Tuesday September 4, 2018
Oil prices rose a bit on Monday, with stronger gains in early trading on Tuesday, building on last week’s rally. Expectations of significant supply losses from Iran helped lift prices. “Exports from OPEC’s third-biggest producer are falling faster than expected and worse is to come ahead of a looming second wave of U.S. sanctions,” said Stephen Brennock, analyst at London brokerage PVM Oil Associates. “Fears of an impending supply crunch are gaining traction.”
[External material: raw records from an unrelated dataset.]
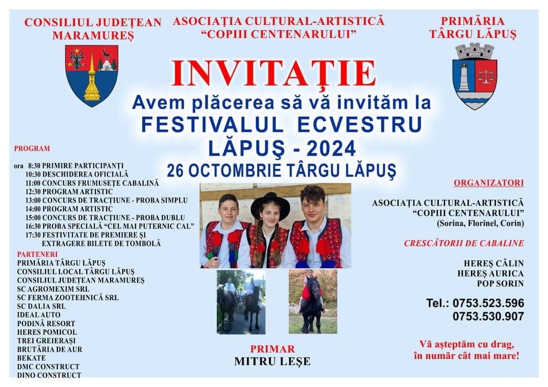 Sâmbătă, 26 octombrie, în Târgu Lăpuș va avea loc „Festivalul Ecvestru Lăpuş 2024”.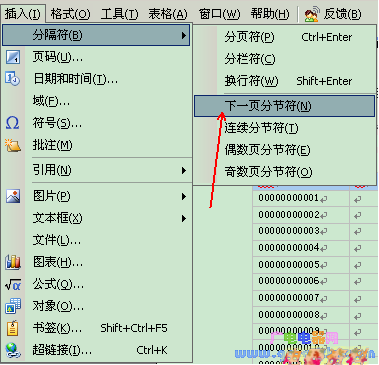 就在这里,呵呵,一共有4种类型,根据字面意思很容易理解它所产生的效果。我这里选的是“下一页分节符”,它可以在插入点位置将当前页和后面的页分割为两个节。插入之后,看到的效果如图: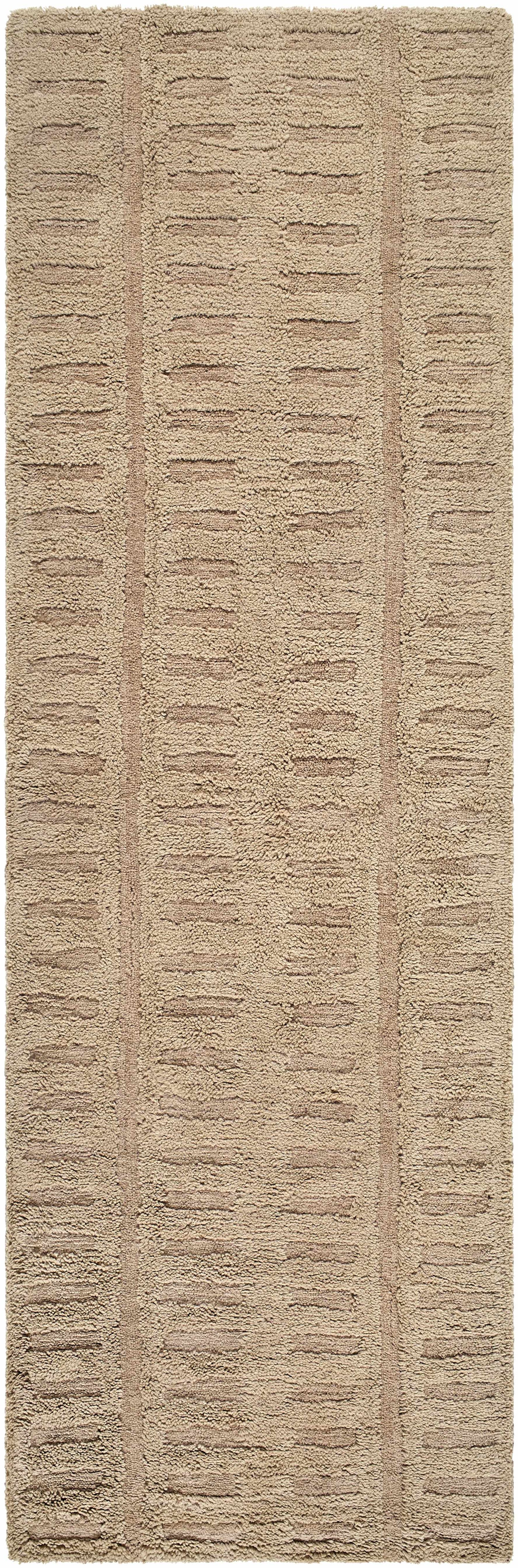 Transform your living space into an oasis of luxury with the intricate hand tufted construction of this exquisite wool rug. Indulge in the velvety high pile and elevated 0.7 inch thickness that adds a touch of sophistication to any room. The lavish taupe, prairie dust, and brown hues complement the contemporary revival, broken striped style, making it the perfect statement piece for your home. And the best part? You can easily maintain its pristine appearance by simply tossing it in the washing machine, making it a practical and affordable alternative to Tscudi.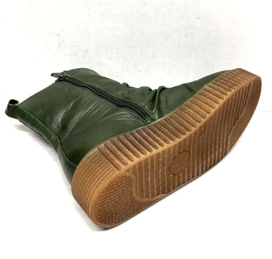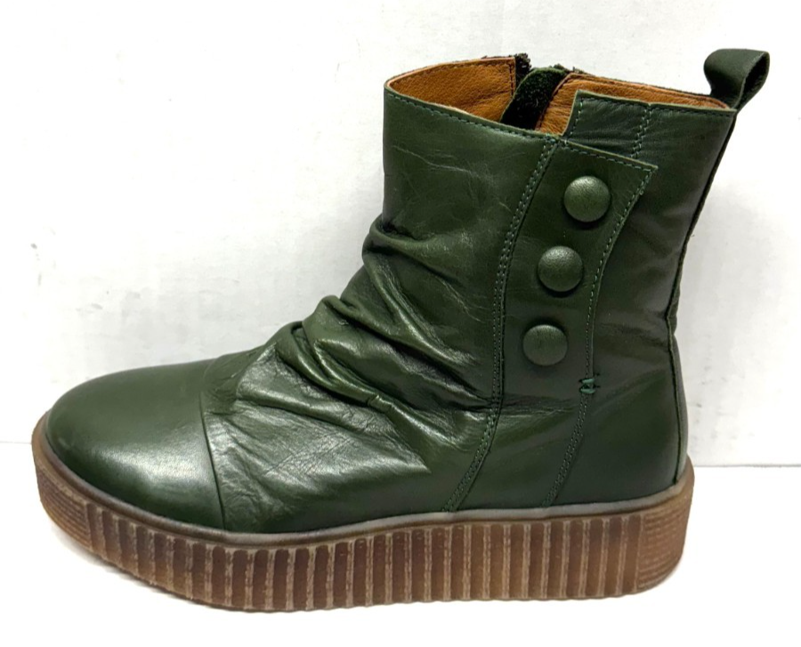 MIZ MOOZ LEATHER BOOTIE SIDE ZIPPER FOREST GREEN 37EU / 7US NEW # Z-199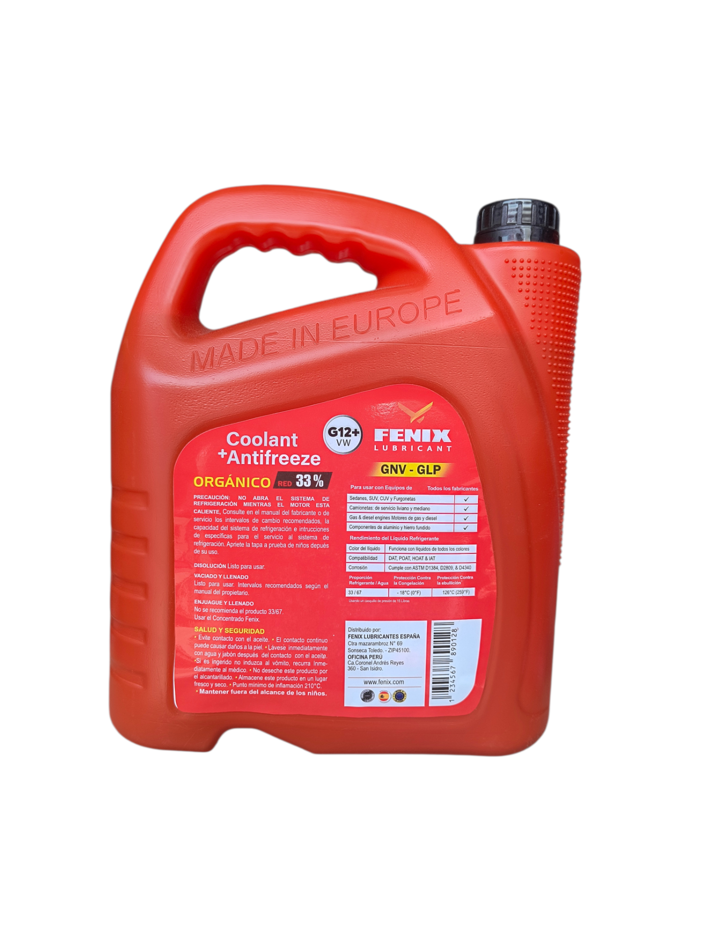 Fenix Coolant 33% Rojo es un refrigerante formulado para proteger el sistema de enfriamiento del motor frente al sobrecalentamiento, la corrosión y la formación de óxido. Su concentración al 33% asegura un adecuado control térmico y un funcionamiento eficiente del motor en condiciones normales de operación.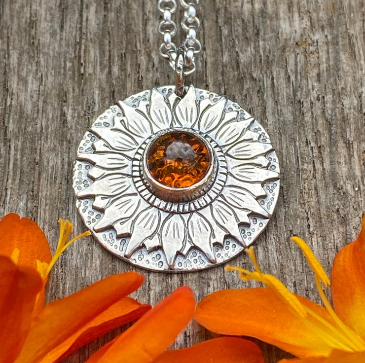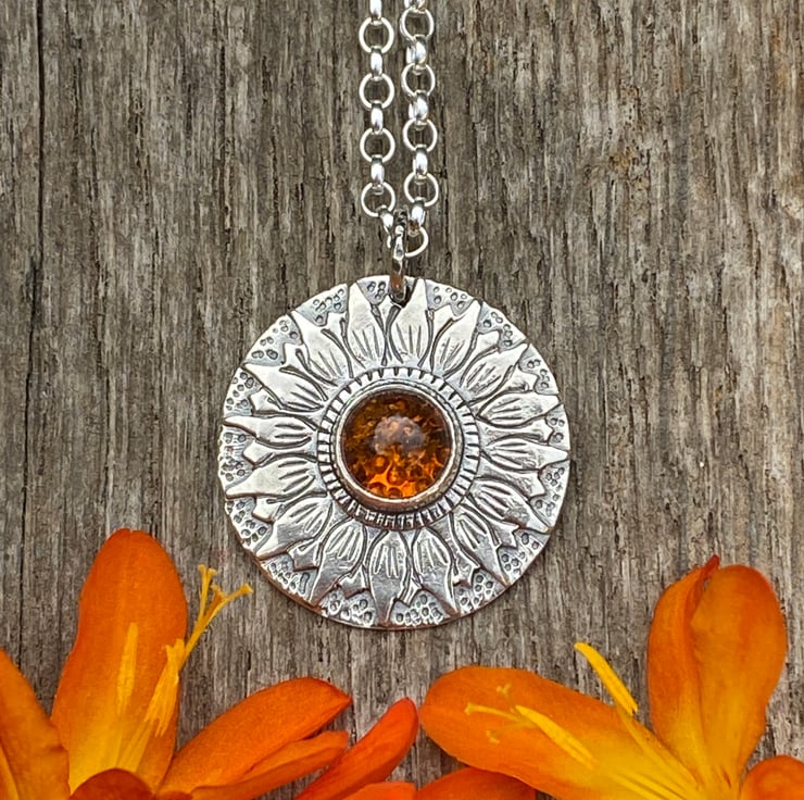 Made using traditional jewellery making techniques, including piercing out shapes with my jewellers saw, soldering, filing, hammer texturing, metal stamping and hand engraving. The finished pendant is oxidised to highlight detail and is set with an 8mm amber cabochon.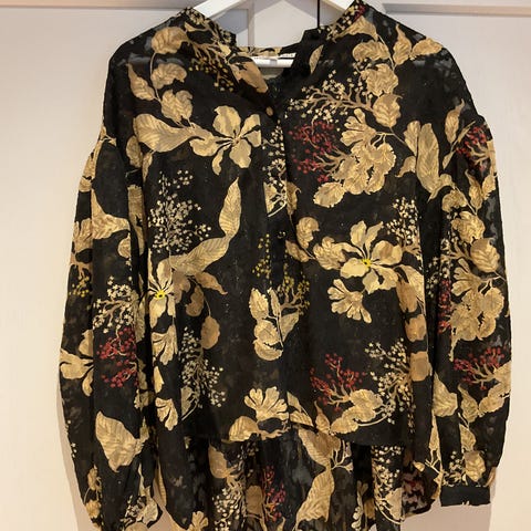 Nydelig bluse i krem/dyp rød farge. Med flott effekt på ermene, med knytebånd.
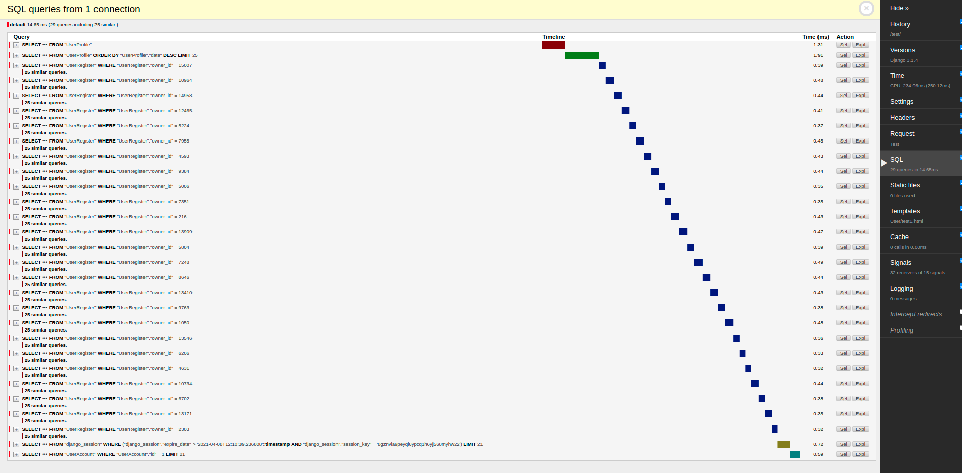 return render(request, 'User/test1.html')return JsonResponse(data)是我想返回的内容,但是现在我需要使用debug_toolbar,所以我返回到一个空页面以方便阅读debug_toolbar。

Tropical Storm Gordon could form into hurricane. A tropical storm heading for the Louisiana coast could form into a hurricane before it makes landfall on late Tuesday or early Wednesday. “It is possible that Gordon could peak as a Category 1 hurricane after 36 hours, just before landfall occurs,” Senior Hurricane Specialist Stacy Stewart wrote in his forecast on Monday. As of now, there could be life-threatening storm surge for the coast, but little effect on oil and gas infrastructure is expected. A couple oil companies, including Anadarko Petroleum (NYSE: APC), announced temporary closures at oil fields in the Gulf, but the interruptions are expected to be temporary. The region produces about 17 percent of the nation’s oil and 5 percent of its natural gas.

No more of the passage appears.